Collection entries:
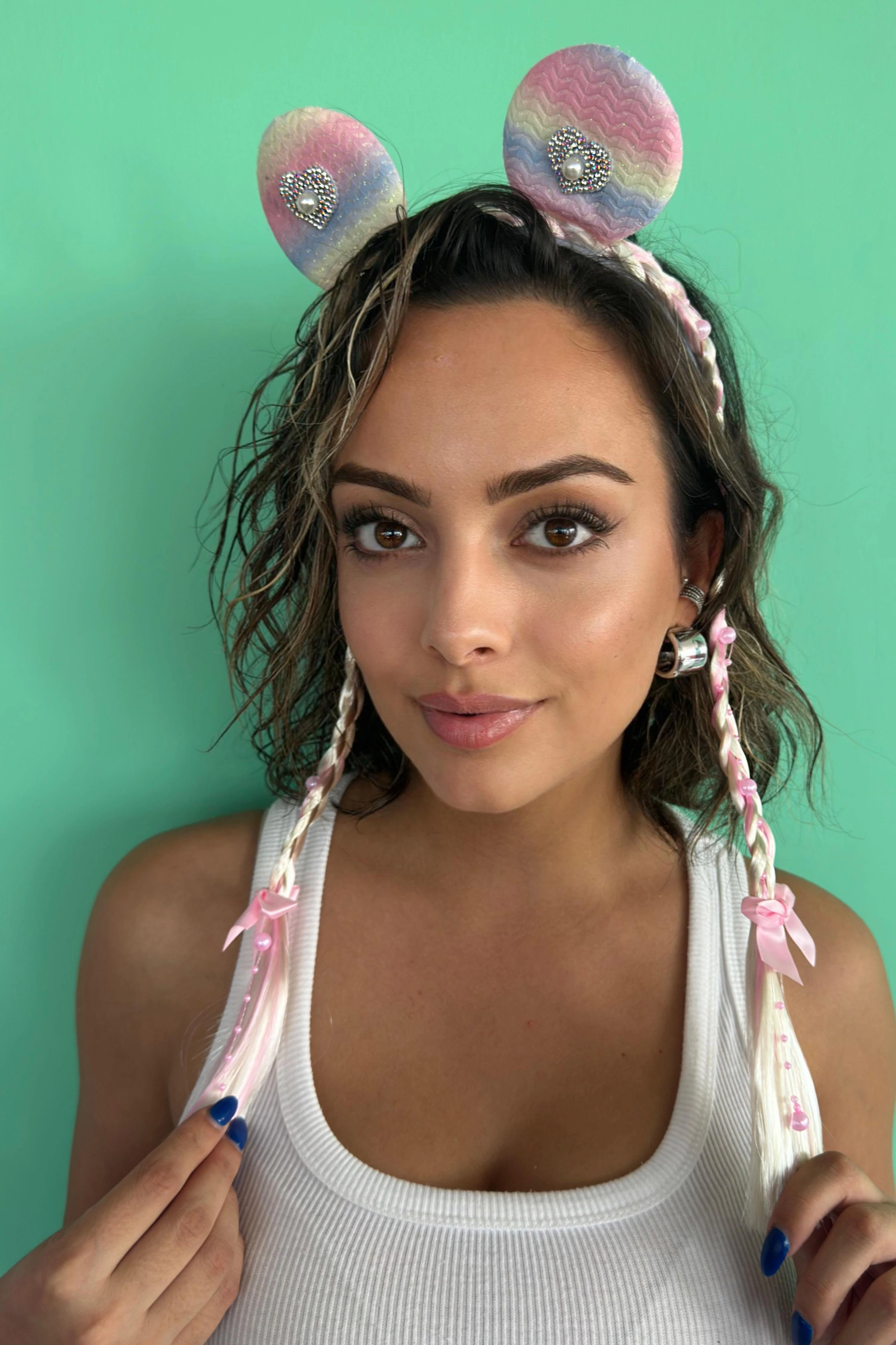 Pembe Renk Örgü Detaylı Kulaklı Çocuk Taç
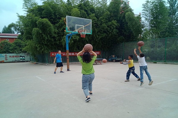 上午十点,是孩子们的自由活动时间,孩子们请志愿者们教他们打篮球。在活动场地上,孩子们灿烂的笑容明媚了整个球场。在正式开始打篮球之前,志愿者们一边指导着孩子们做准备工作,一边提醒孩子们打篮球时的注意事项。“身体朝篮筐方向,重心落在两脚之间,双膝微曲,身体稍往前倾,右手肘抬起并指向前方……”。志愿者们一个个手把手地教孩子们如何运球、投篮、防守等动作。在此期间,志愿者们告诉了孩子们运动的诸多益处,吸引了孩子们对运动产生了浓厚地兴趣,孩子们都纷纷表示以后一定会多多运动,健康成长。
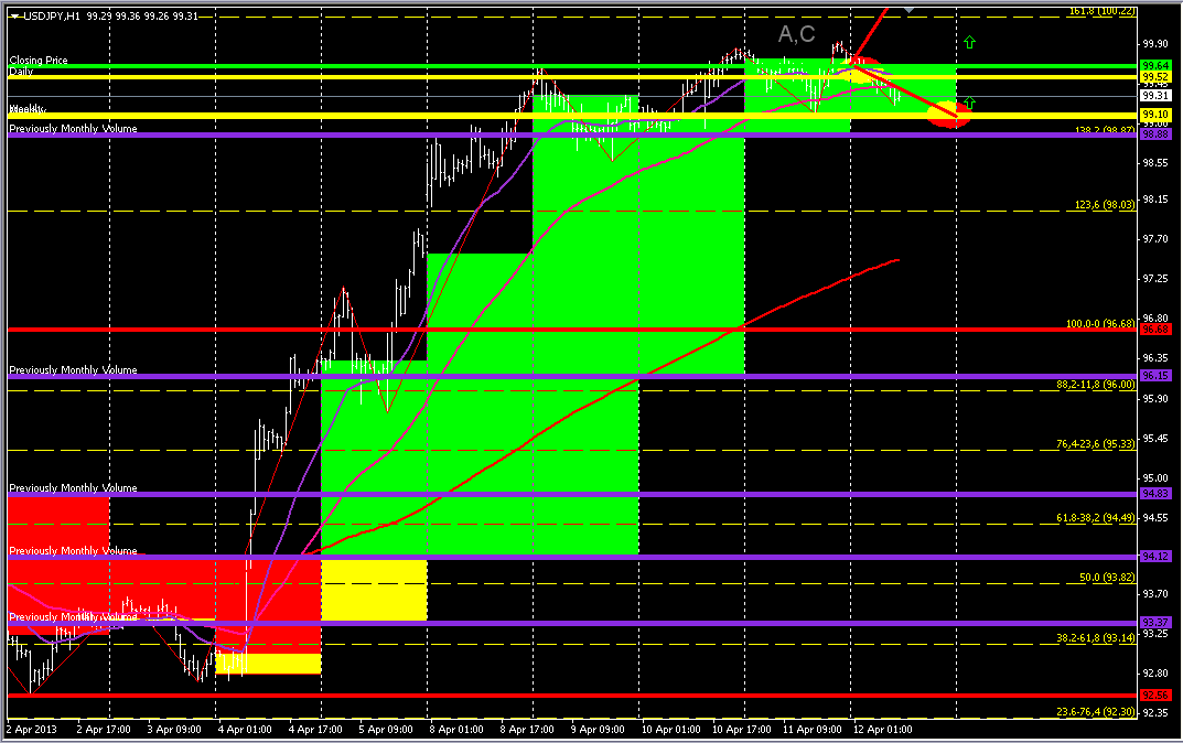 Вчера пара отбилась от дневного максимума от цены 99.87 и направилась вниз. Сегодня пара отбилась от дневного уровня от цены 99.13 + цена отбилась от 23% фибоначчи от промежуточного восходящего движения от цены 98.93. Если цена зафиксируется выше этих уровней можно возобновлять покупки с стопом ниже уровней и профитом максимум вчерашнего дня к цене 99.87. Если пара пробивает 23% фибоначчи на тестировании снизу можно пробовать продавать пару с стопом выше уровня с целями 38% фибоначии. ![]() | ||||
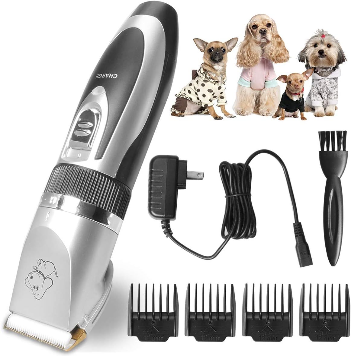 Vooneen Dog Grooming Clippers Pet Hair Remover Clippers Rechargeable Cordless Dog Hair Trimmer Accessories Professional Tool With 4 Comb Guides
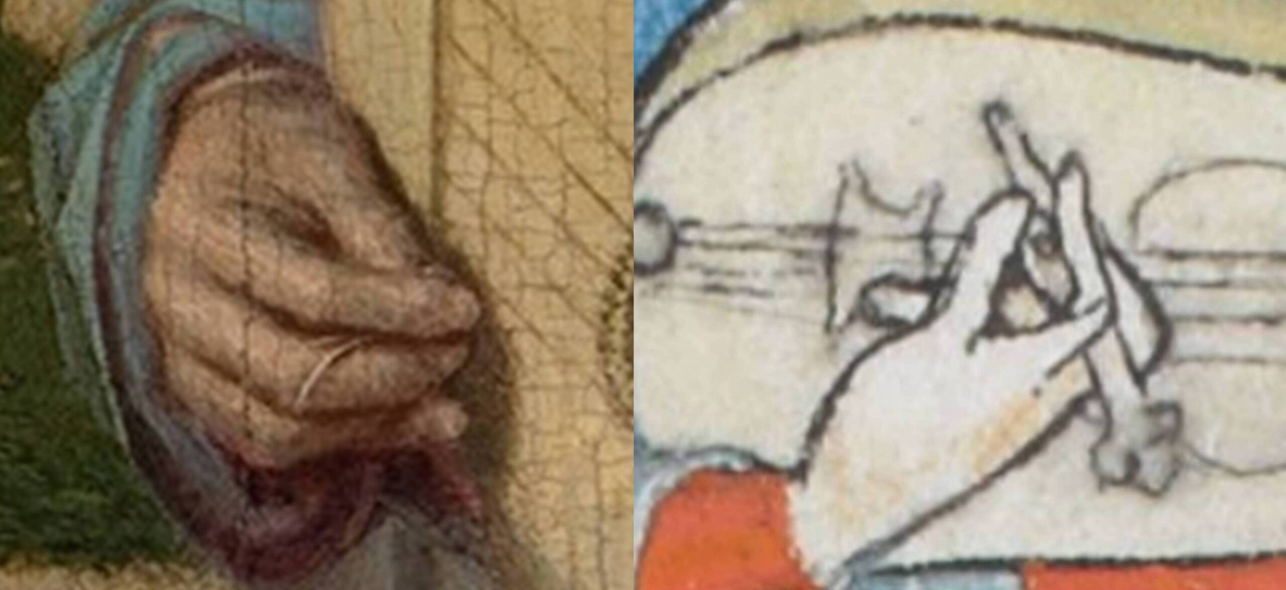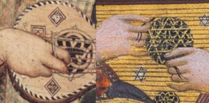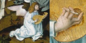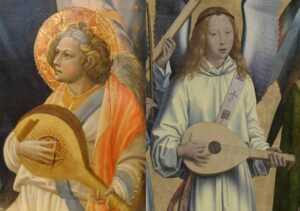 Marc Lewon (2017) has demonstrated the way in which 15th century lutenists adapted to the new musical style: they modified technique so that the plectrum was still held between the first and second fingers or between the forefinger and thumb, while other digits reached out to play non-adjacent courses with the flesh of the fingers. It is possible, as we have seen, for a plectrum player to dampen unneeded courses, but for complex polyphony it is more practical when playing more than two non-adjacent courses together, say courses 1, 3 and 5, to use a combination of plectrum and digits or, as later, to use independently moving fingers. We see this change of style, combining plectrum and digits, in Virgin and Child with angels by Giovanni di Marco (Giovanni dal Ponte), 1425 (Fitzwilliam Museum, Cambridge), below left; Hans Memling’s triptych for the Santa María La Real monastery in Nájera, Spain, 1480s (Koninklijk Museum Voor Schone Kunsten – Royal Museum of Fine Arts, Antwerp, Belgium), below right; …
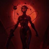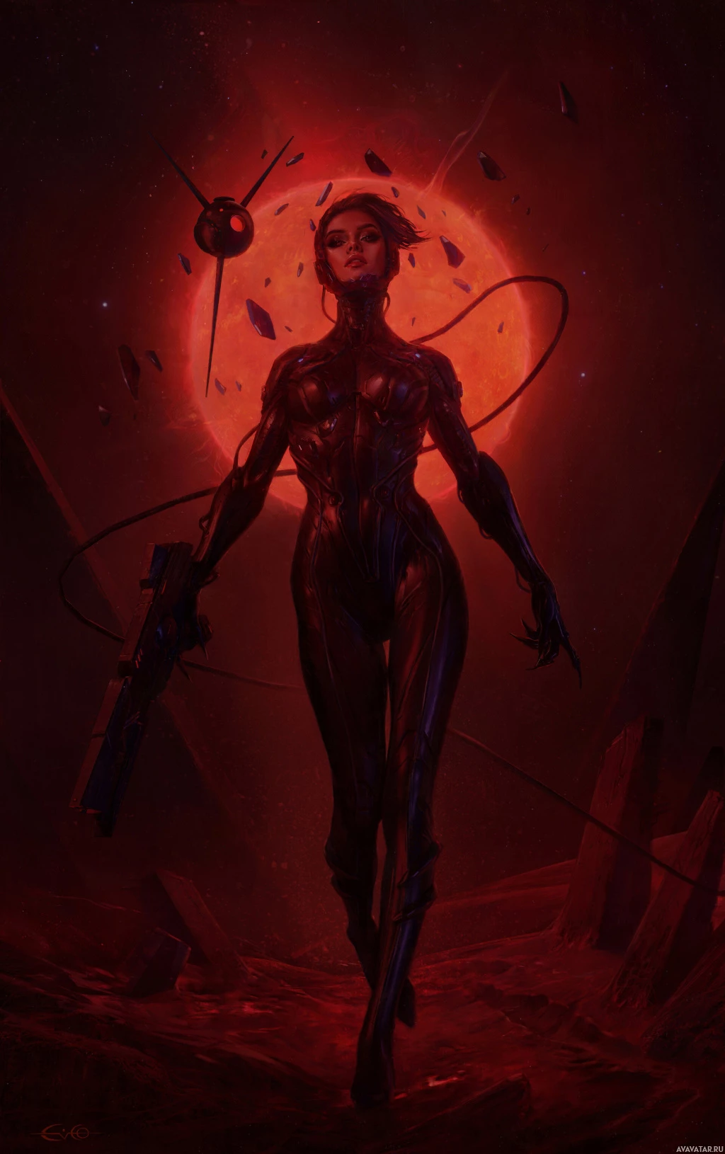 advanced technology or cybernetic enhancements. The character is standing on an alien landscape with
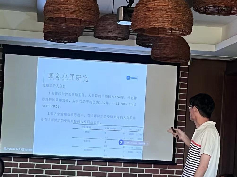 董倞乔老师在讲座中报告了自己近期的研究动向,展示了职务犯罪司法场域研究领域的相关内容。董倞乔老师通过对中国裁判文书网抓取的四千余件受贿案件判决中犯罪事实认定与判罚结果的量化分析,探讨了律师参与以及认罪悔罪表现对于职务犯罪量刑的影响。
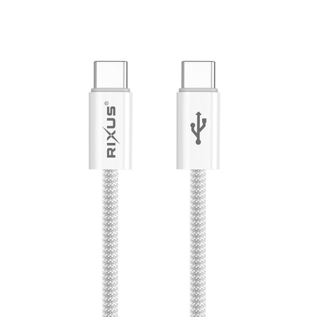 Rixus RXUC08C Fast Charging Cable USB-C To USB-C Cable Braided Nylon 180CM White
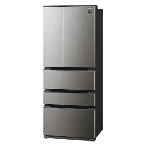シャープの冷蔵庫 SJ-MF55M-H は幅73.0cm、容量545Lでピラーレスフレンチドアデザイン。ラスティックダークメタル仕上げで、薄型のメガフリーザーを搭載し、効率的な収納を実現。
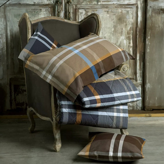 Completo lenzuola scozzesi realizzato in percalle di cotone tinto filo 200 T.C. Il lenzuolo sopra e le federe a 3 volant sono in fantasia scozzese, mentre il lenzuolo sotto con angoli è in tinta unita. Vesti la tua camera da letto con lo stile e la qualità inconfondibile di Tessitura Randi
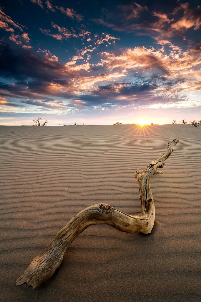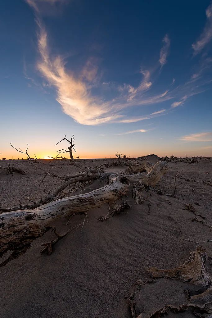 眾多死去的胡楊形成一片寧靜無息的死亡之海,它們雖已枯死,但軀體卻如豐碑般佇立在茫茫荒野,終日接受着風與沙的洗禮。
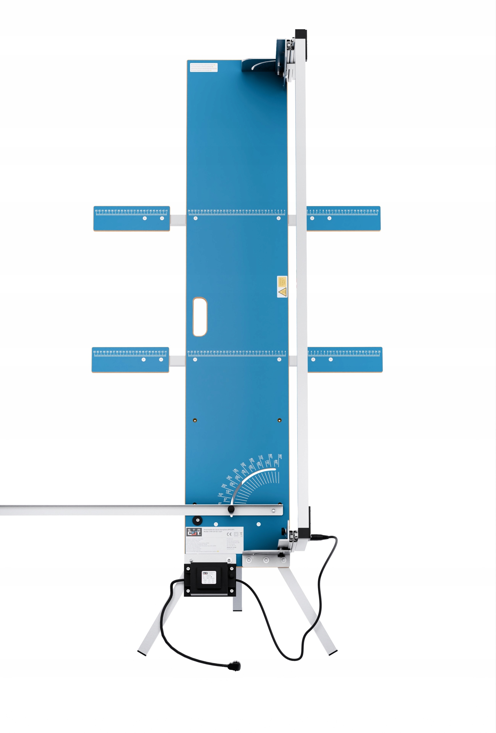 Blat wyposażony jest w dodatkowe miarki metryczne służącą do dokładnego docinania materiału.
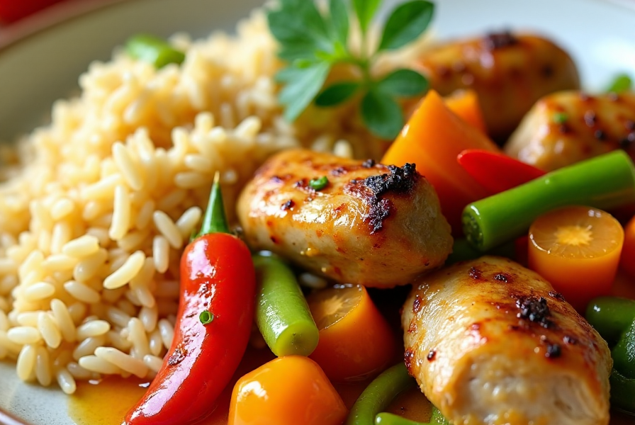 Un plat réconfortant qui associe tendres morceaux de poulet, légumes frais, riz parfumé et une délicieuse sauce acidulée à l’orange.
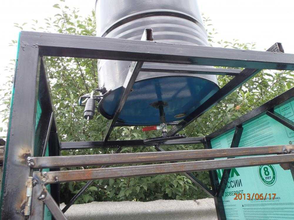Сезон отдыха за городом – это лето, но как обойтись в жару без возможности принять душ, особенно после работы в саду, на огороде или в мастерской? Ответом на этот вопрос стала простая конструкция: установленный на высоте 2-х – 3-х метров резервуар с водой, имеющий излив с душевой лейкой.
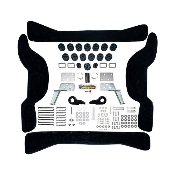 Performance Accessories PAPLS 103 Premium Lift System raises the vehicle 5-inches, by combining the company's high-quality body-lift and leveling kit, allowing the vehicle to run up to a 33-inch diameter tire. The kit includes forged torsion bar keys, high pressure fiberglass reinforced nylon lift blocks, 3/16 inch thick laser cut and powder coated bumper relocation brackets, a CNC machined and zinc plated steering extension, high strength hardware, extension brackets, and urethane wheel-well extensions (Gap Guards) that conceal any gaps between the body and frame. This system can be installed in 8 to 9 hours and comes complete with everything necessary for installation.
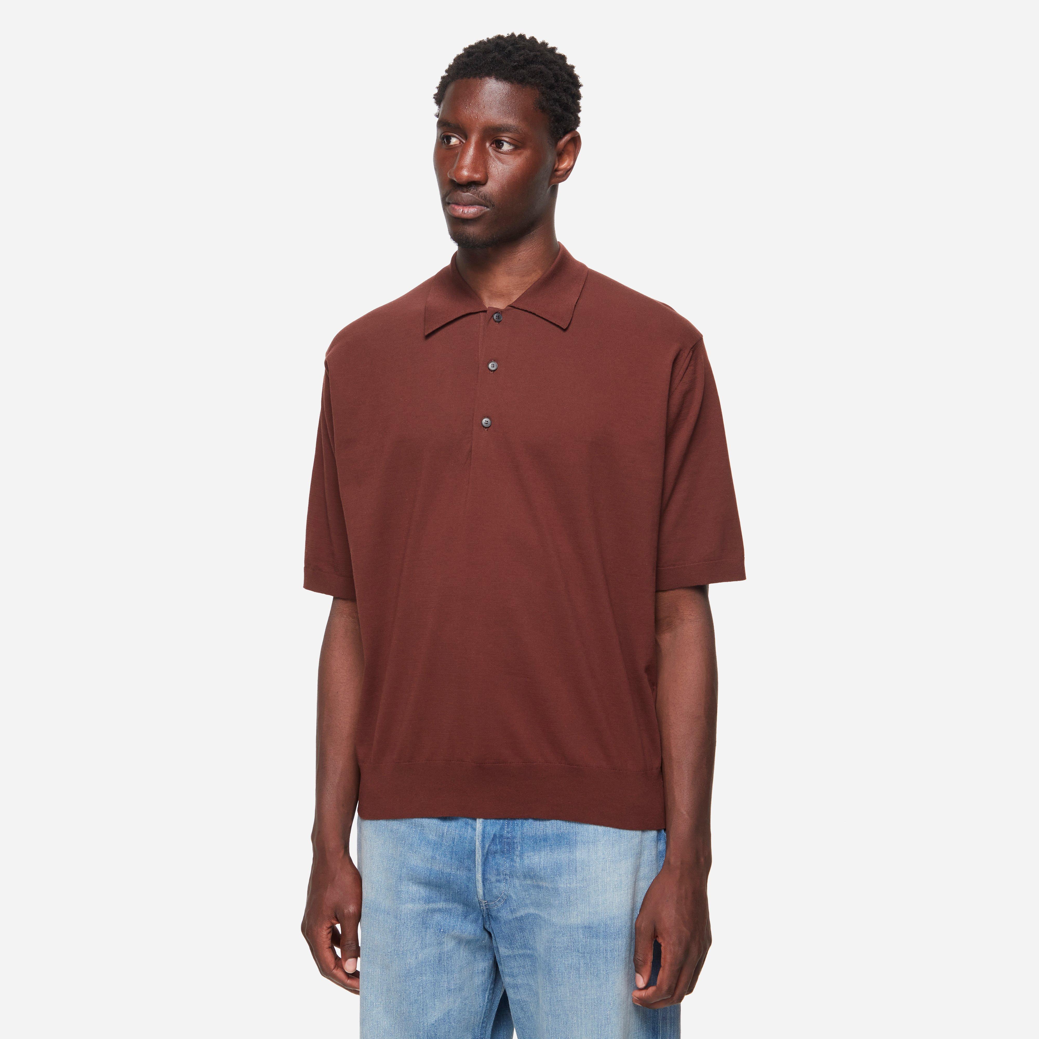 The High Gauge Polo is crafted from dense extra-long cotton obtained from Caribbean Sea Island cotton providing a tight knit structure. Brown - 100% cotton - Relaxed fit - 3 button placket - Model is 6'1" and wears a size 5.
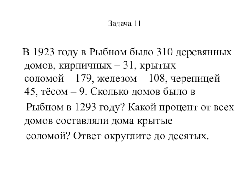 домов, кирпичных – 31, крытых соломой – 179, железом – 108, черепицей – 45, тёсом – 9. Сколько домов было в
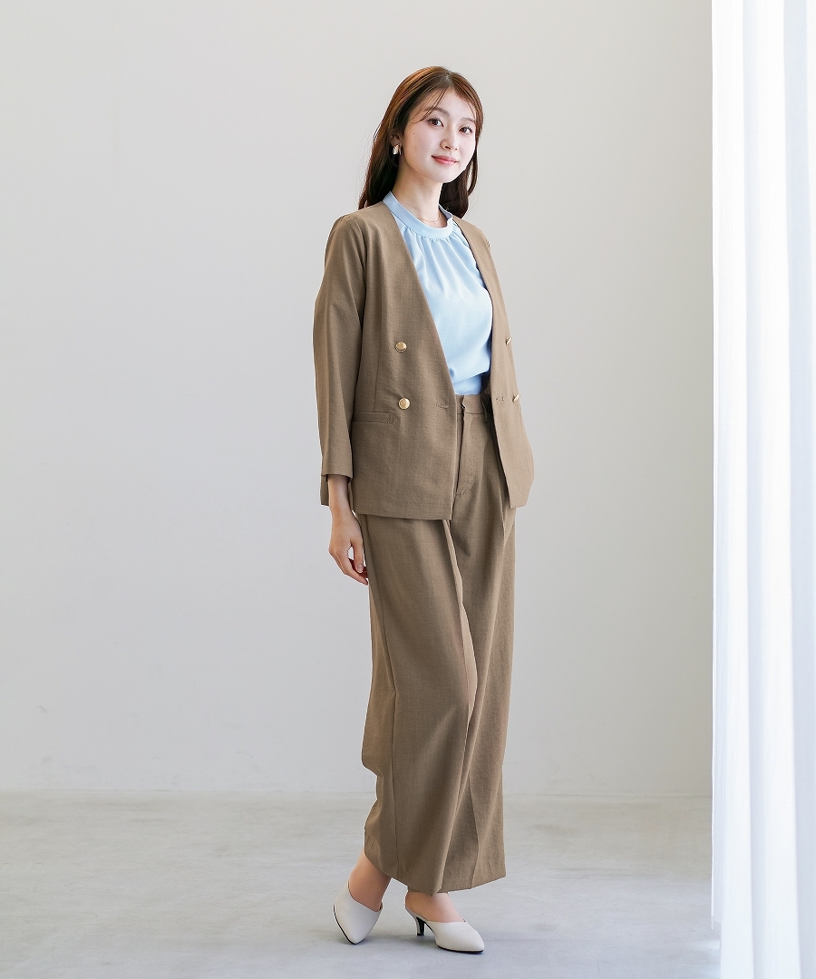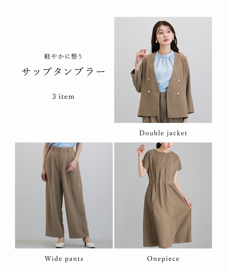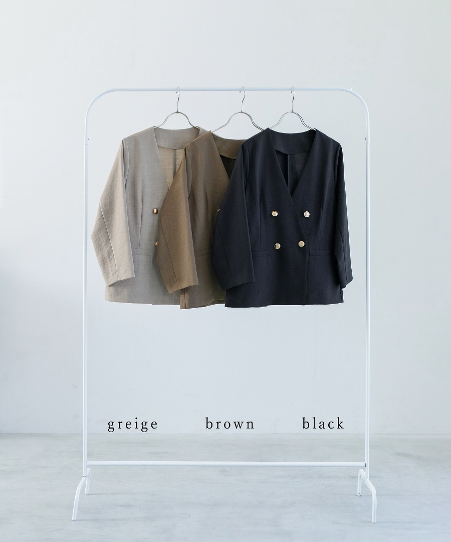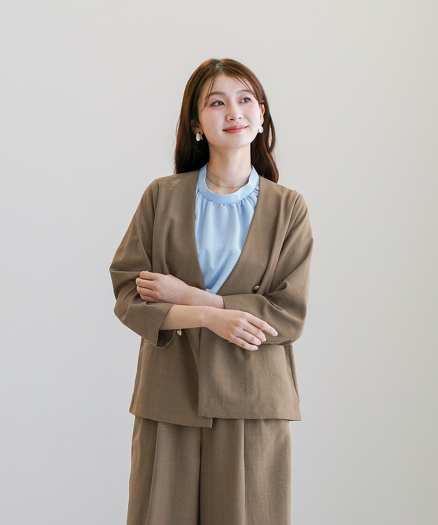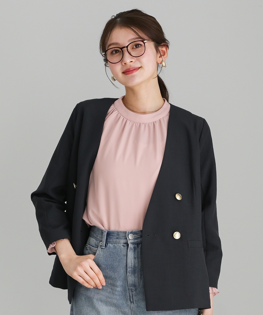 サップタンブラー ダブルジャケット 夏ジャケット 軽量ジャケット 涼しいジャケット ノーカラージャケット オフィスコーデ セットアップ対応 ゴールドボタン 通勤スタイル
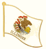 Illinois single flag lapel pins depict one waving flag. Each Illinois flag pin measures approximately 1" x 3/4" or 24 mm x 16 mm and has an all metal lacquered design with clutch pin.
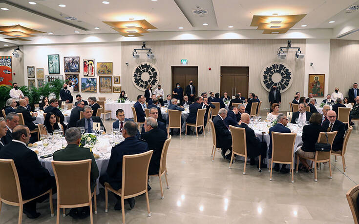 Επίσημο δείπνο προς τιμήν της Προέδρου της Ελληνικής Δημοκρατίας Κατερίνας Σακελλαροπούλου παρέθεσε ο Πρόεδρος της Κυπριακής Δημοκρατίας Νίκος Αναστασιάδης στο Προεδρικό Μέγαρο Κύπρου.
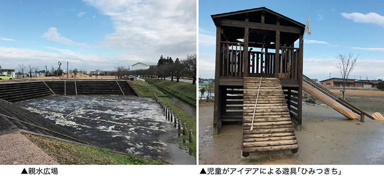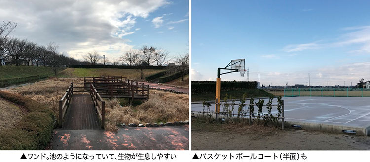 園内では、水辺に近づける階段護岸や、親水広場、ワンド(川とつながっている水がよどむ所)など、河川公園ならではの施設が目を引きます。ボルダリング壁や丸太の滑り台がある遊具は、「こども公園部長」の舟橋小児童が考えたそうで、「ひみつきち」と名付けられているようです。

Task requirements
Would you output only the span of the records above that opens with the line containing "Вчера пара отбилась" and closes with the line containing "Vooneen Dog Grooming", ends included and pictures dropped?

Task result
 Вчера пара отбилась от дневного максимума от цены 99.87 и направилась вниз. Сегодня пара отбилась от дневного уровня от цены 99.13 + цена отбилась от 23% фибоначчи от промежуточного восходящего движения от цены 98.93. Если цена зафиксируется выше этих уровней можно возобновлять покупки с стопом ниже уровней и профитом максимум вчерашнего дня к цене 99.87. Если пара пробивает 23% фибоначчи на тестировании снизу можно пробовать продавать пару с стопом выше уровня с целями 38% фибоначии. ![]() | ||||
 Vooneen Dog Grooming Clippers Pet Hair Remover Clippers Rechargeable Cordless Dog Hair Trimmer Accessories Professional Tool With 4 Comb Guides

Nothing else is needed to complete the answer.